:: WORK REQUIRED ::
Repeat every entry exactly. Pictures stay out.
•••••
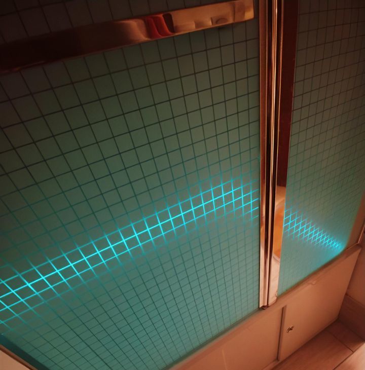 Ванна с диодной подсветкой и непрозрачной стеклянной шторкой с дверцей, качественная сантехника в с/у, в туалете гигиенический душ с обратным клапаном,
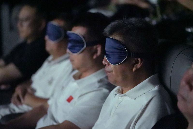 ▲ 参会代表借助眼罩观看无障碍电影《我的父亲焦裕禄》
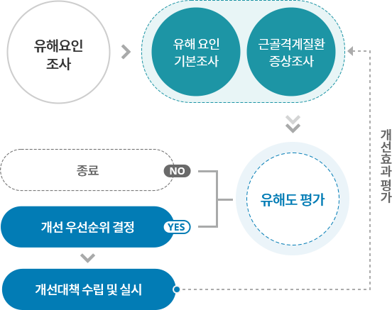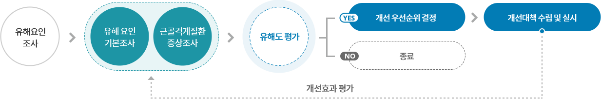 근로자의 작업 형태 등을 파악·조사해 단순 반복작업 또는 인체에 과도한 부담을 주는 작업으로 인한 근로자에게 건강장해 발생 위험을 차단하고 있습니다.
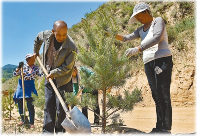 2017年5月26日,岚县界河口镇会里村村民在种树。
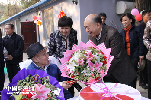 中國臺灣網11月2日貴陽消息 10月31日下午,貴陽墨石山莊養老院張燈結彩,擺起豐盛的長桌宴,為居住在養老院的臺胞楊占鰲先生慶賀百歲壽辰。貴州省臺辦聯絡處處長成高榮,貴陽市委統戰部副部長、市臺辦主任李靜,副主任劉筑琪,白云區副區長李蕓及區臺辦、民政局、都拉鄉等當地相關部門負責人均前往祝賀。
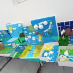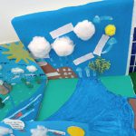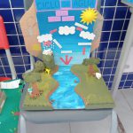 Para consolidar o aprendizado, os alunos desenvolveram uma maquete representando o ciclo da água e os estados físicos que a água pode assumir (líquido, sólido e gasoso). Através da maquete, puderam visualizar de forma concreta as etapas do ciclo da água e compreender melhor como funciona esse processo essencial para a vida na Terra.
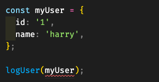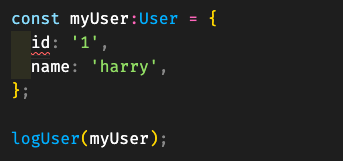 - 그러나 실제 문제가 되는 부분은 어디일까. 바로 개발자의 실수로 myUser을 잘못 작성한 부분일 것이다. 만약 객체 리터럴을 정의할 때 타입을 명시했다면 속성 체크가 동작하여 아래와 같이 실제 문제가 되는 부분을 사전에 찾아낼 수 있었을 것이다.
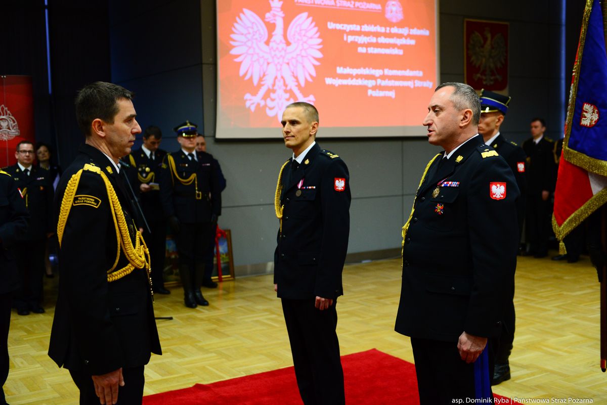 Podczas uroczystości, w obecności wojewody małopolskiego Krzysztofa Jana Klęczara, komendanta głównego PSP nadbryg. dr. inż. Mariusza Feltynowskiego, zastępcy komendanta głównego PSP nadbryg. Józefa Galicy oraz kadry PSP woj. małopolskiego i zaproszonych gości, nastąpiło również uroczyste pożegnanie i powitanie ze sztandarem komendy przez zdającego i przyjmującego obowiązki komendanta wojewódzkiego PSP.
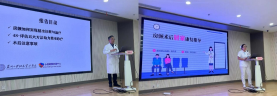 随后,心内科董瑞庆副主任医师以“听听心声,关注房颤”为题,向病友及家属们介绍了房颤患者的精准诊疗方案,病情风险的评估以及房颤患者手术后的相关注意事项等方面的内容科普。吾丹萍护士则向大家分享了房颤术后居家康复的相关注意事项。
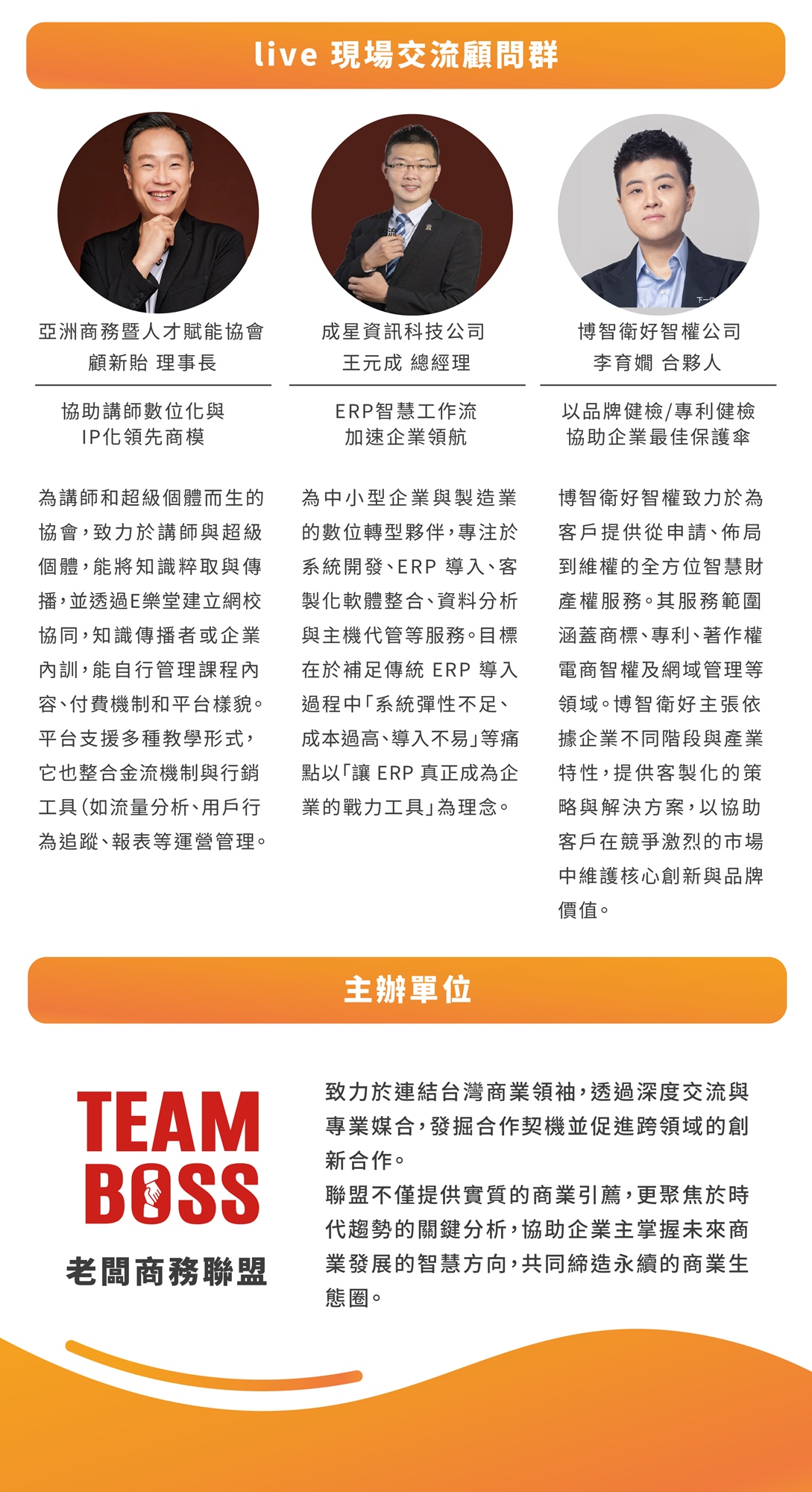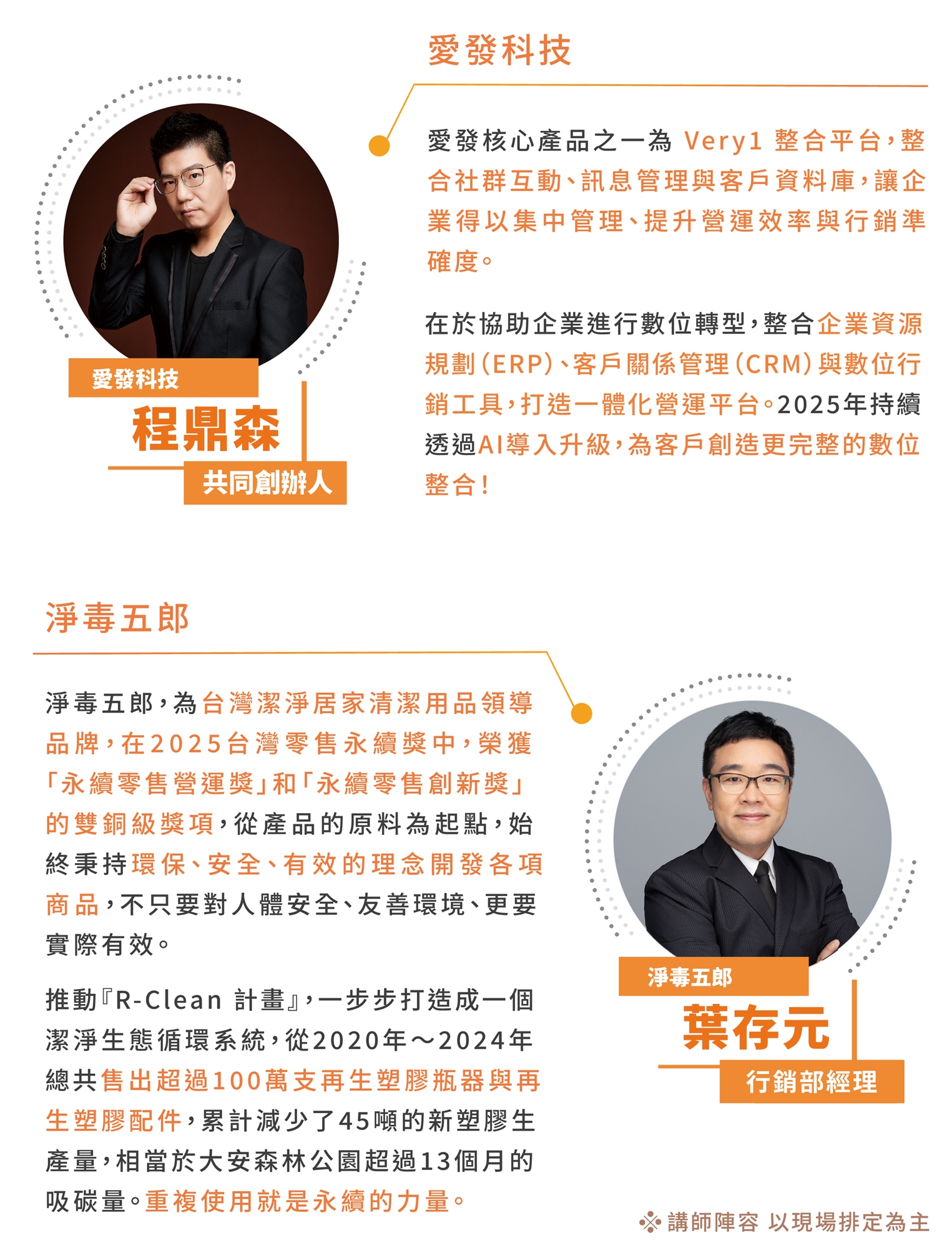 - 實戰案例啟發:透過產業專家的成功案例,學習如何將 AI 轉化為具體成果,避免盲目投資,直接走向高效落地。
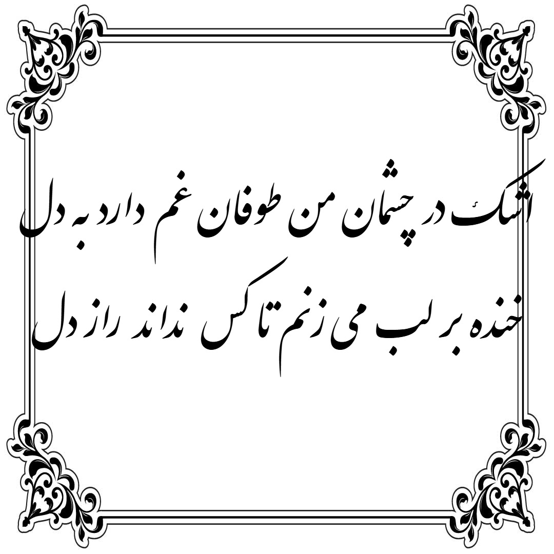 حروف کالیگرافی اشک در چشمان من طوفان غم دارد به دل خنده بر لب می زنم تا کس نداند راز دل
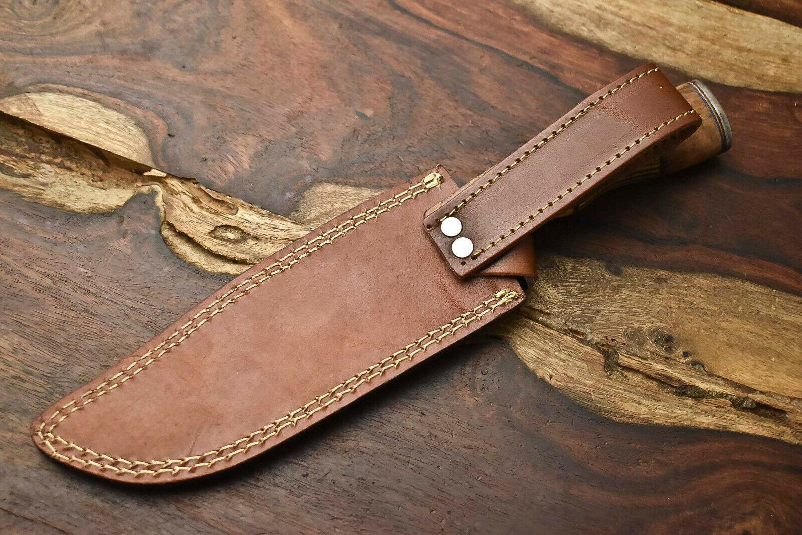 Each knife is 100% handmade without CNC machining, ensuring no two are exactly alike. Includes a custom high-quality cowhide leather sheath, hand-tooled to match the knife's rugged authenticity.
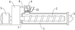 1.一种塑件制造用螺旋挤出成型装置,包括筒壁设有加热器的机筒,机筒内设有挤出螺杆,所述机筒的一端设有挤出头,其特征在于:所述机筒的另一端的壁面设有呈圆柱状的进料筒,所述挤出螺杆上设有控制其做转动的电机,电机与所述挤出螺杆间串接有减速器,减速器具有与所述挤出螺杆相联接的第一输出轴、水平伸入进料筒的第二输出轴,第二输出轴上设有随其做转动的主动摆臂,主动摆臂上转动连接有从动摆臂,从动摆臂上转动连接有滑动连接在所述进料筒内的推块,所述进料筒的筒壁开设有进料口。
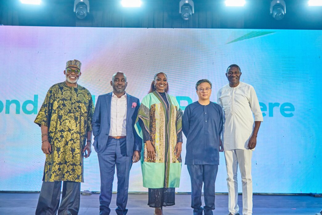 L-R- Nollywood Actor, Richard Mofe-Damijo; Group Chief Executive Officer, Lafarge Africa Plc, Lolu Alade-Akinyemi; Nollywood Actress, Kate Henshaw; Chief Finance Officer, Lafarge Africa Plc, Zhigang Ke, and Commercial Director, Lafarge Africa Plc, Gbenga Onimowo, during the premiere of a thematic campaign, “Beyond Building” in Lagos, Nigeria
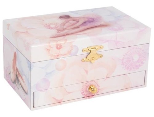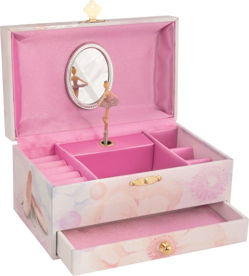 Šperkovnice ve stylu hrací skříňky potěší malé dámy, které touží uložit své šperky jak se patří. Po otevření skříňky začne hrát jemná melodie z opery Labutí jezero a malá baletka se roztančí před svým zrcadlem. Rozměry skříňky: 19 x 11,3 x 9,7 cm. Upozornění: Výrobek není hračka, jedná se o dekorativní předmět. GOKI patří mezi nejvýznamnější evropské výrobce hraček s vysokou pedagogickou a didaktickou kvalitou. Firma klade důraz na bezpečnost hraček, jejich zdravotní nezávadnost a dbá na obnovitelné zdroje. Dřevo je bráno tam, kde může dorůstat. Používané dřeviny jsou javor, buk, ořech, lípa, jasan, borovice, bříza a gumovník. Barvy a laky pocházejí od menších výrobců.
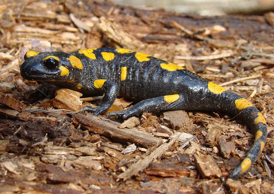 Довідково: Саламандра вогняна, або плямиста (Salamandra salamandra) – тварина класу земноводних роду Саламандра (Salamandra). Назва "плямиста саламандра" відноситься також і до іншого виду, Ambystoma maculatum, як і родова назва посилається на велику групу саламандр – хвостатих земноводних із струнким тілом. Інші назви: дощівка, сисмолоко, вогняна ящірка, ящур, сисак, качур.
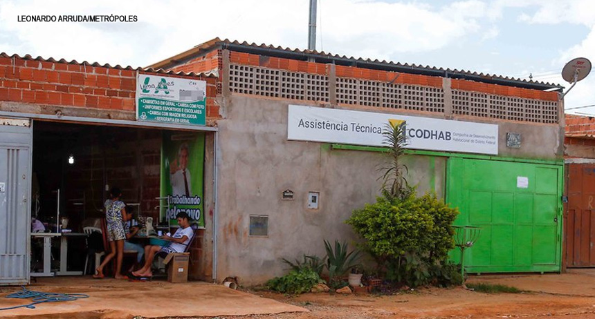 Vizinhos de porta, uma confecção e um posto da Companhia de Desenvolvimento Habitacional do Distrito Federal (Codhab) chamam a atenção de quem passa no Conjunto C, na QR 3, Vila Buritizinho, em Sobradinho 2. O lote onde funcionará a agência da Codhab é de propriedade de Jedson da Silva Nascimento, lotado no gabinete do parlamentar do distrital Lira (PHS). Já na loja, um cartaz enaltece a atuação do deputado: “Trabalhando pelo povo”.
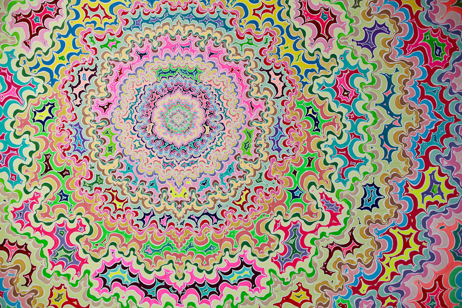Brookes masterfully melds a deep knowledge of cognitive science and art to create bright, intensely detailed paintings that abstract drug compounds, molecules, atoms and hallucinogenic states to heighten a viewer’s sensory perceptions and reactions. His two main bodies of work — molecules and aesthetic abstractions — are created with a rigorous process of attentiveness. A process of focusing awareness on the paint that is lost from the brush as it is applied to the surface of the canvas, then refocusing attention as the mind wanders away; which provides visual evidence of both an artistic process and meditation in practice. Brookes’ molecular paintings begin as two-dimensional maps of the precise locations of individual atoms, molecular line drawings, which then expand and radiate out from these hyper detailed locations/focal points to cover the entire canvas surface. The result, but never the end result, is a colorful abstract representation of the subject molecule. Often, Brookes’ aesthetic abstractions are meticulously painted surfaces that are organically constructed or stretched to provide an overt aesthetic connection to Eastern contemplative traditions, such as Buddhism.
•••••
:: PROBLEM SOLUTION ::
 Ванна с диодной подсветкой и непрозрачной стеклянной шторкой с дверцей, качественная сантехника в с/у, в туалете гигиенический душ с обратным клапаном,
 ▲ 参会代表借助眼罩观看无障碍电影《我的父亲焦裕禄》
 근로자의 작업 형태 등을 파악·조사해 단순 반복작업 또는 인체에 과도한 부담을 주는 작업으로 인한 근로자에게 건강장해 발생 위험을 차단하고 있습니다.
 2017年5月26日,岚县界河口镇会里村村民在种树。
 中國臺灣網11月2日貴陽消息 10月31日下午,貴陽墨石山莊養老院張燈結彩,擺起豐盛的長桌宴,為居住在養老院的臺胞楊占鰲先生慶賀百歲壽辰。貴州省臺辦聯絡處處長成高榮,貴陽市委統戰部副部長、市臺辦主任李靜,副主任劉筑琪,白云區副區長李蕓及區臺辦、民政局、都拉鄉等當地相關部門負責人均前往祝賀。
 Para consolidar o aprendizado, os alunos desenvolveram uma maquete representando o ciclo da água e os estados físicos que a água pode assumir (líquido, sólido e gasoso). Através da maquete, puderam visualizar de forma concreta as etapas do ciclo da água e compreender melhor como funciona esse processo essencial para a vida na Terra.
 - 그러나 실제 문제가 되는 부분은 어디일까. 바로 개발자의 실수로 myUser을 잘못 작성한 부분일 것이다. 만약 객체 리터럴을 정의할 때 타입을 명시했다면 속성 체크가 동작하여 아래와 같이 실제 문제가 되는 부분을 사전에 찾아낼 수 있었을 것이다.
 Podczas uroczystości, w obecności wojewody małopolskiego Krzysztofa Jana Klęczara, komendanta głównego PSP nadbryg. dr. inż. Mariusza Feltynowskiego, zastępcy komendanta głównego PSP nadbryg. Józefa Galicy oraz kadry PSP woj. małopolskiego i zaproszonych gości, nastąpiło również uroczyste pożegnanie i powitanie ze sztandarem komendy przez zdającego i przyjmującego obowiązki komendanta wojewódzkiego PSP.
 随后,心内科董瑞庆副主任医师以“听听心声,关注房颤”为题,向病友及家属们介绍了房颤患者的精准诊疗方案,病情风险的评估以及房颤患者手术后的相关注意事项等方面的内容科普。吾丹萍护士则向大家分享了房颤术后居家康复的相关注意事项。
 - 實戰案例啟發:透過產業專家的成功案例,學習如何將 AI 轉化為具體成果,避免盲目投資,直接走向高效落地。
 حروف کالیگرافی اشک در چشمان من طوفان غم دارد به دل خنده بر لب می زنم تا کس نداند راز دل
 Each knife is 100% handmade without CNC machining, ensuring no two are exactly alike. Includes a custom high-quality cowhide leather sheath, hand-tooled to match the knife's rugged authenticity.
 1.一种塑件制造用螺旋挤出成型装置,包括筒壁设有加热器的机筒,机筒内设有挤出螺杆,所述机筒的一端设有挤出头,其特征在于:所述机筒的另一端的壁面设有呈圆柱状的进料筒,所述挤出螺杆上设有控制其做转动的电机,电机与所述挤出螺杆间串接有减速器,减速器具有与所述挤出螺杆相联接的第一输出轴、水平伸入进料筒的第二输出轴,第二输出轴上设有随其做转动的主动摆臂,主动摆臂上转动连接有从动摆臂,从动摆臂上转动连接有滑动连接在所述进料筒内的推块,所述进料筒的筒壁开设有进料口。
 L-R- Nollywood Actor, Richard Mofe-Damijo; Group Chief Executive Officer, Lafarge Africa Plc, Lolu Alade-Akinyemi; Nollywood Actress, Kate Henshaw; Chief Finance Officer, Lafarge Africa Plc, Zhigang Ke, and Commercial Director, Lafarge Africa Plc, Gbenga Onimowo, during the premiere of a thematic campaign, “Beyond Building” in Lagos, Nigeria
 Šperkovnice ve stylu hrací skříňky potěší malé dámy, které touží uložit své šperky jak se patří. Po otevření skříňky začne hrát jemná melodie z opery Labutí jezero a malá baletka se roztančí před svým zrcadlem. Rozměry skříňky: 19 x 11,3 x 9,7 cm. Upozornění: Výrobek není hračka, jedná se o dekorativní předmět. GOKI patří mezi nejvýznamnější evropské výrobce hraček s vysokou pedagogickou a didaktickou kvalitou. Firma klade důraz na bezpečnost hraček, jejich zdravotní nezávadnost a dbá na obnovitelné zdroje. Dřevo je bráno tam, kde může dorůstat. Používané dřeviny jsou javor, buk, ořech, lípa, jasan, borovice, bříza a gumovník. Barvy a laky pocházejí od menších výrobců.
 Довідково: Саламандра вогняна, або плямиста (Salamandra salamandra) – тварина класу земноводних роду Саламандра (Salamandra). Назва "плямиста саламандра" відноситься також і до іншого виду, Ambystoma maculatum, як і родова назва посилається на велику групу саламандр – хвостатих земноводних із струнким тілом. Інші назви: дощівка, сисмолоко, вогняна ящірка, ящур, сисак, качур.
 Vizinhos de porta, uma confecção e um posto da Companhia de Desenvolvimento Habitacional do Distrito Federal (Codhab) chamam a atenção de quem passa no Conjunto C, na QR 3, Vila Buritizinho, em Sobradinho 2. O lote onde funcionará a agência da Codhab é de propriedade de Jedson da Silva Nascimento, lotado no gabinete do parlamentar do distrital Lira (PHS). Já na loja, um cartaz enaltece a atuação do deputado: “Trabalhando pelo povo”.
Brookes masterfully melds a deep knowledge of cognitive science and art to create bright, intensely detailed paintings that abstract drug compounds, molecules, atoms and hallucinogenic states to heighten a viewer’s sensory perceptions and reactions. His two main bodies of work — molecules and aesthetic abstractions — are created with a rigorous process of attentiveness. A process of focusing awareness on the paint that is lost from the brush as it is applied to the surface of the canvas, then refocusing attention as the mind wanders away; which provides visual evidence of both an artistic process and meditation in practice. Brookes’ molecular paintings begin as two-dimensional maps of the precise locations of individual atoms, molecular line drawings, which then expand and radiate out from these hyper detailed locations/focal points to cover the entire canvas surface. The result, but never the end result, is a colorful abstract representation of the subject molecule. Often, Brookes’ aesthetic abstractions are meticulously painted surfaces that are organically constructed or stretched to provide an overt aesthetic connection to Eastern contemplative traditions, such as Buddhism.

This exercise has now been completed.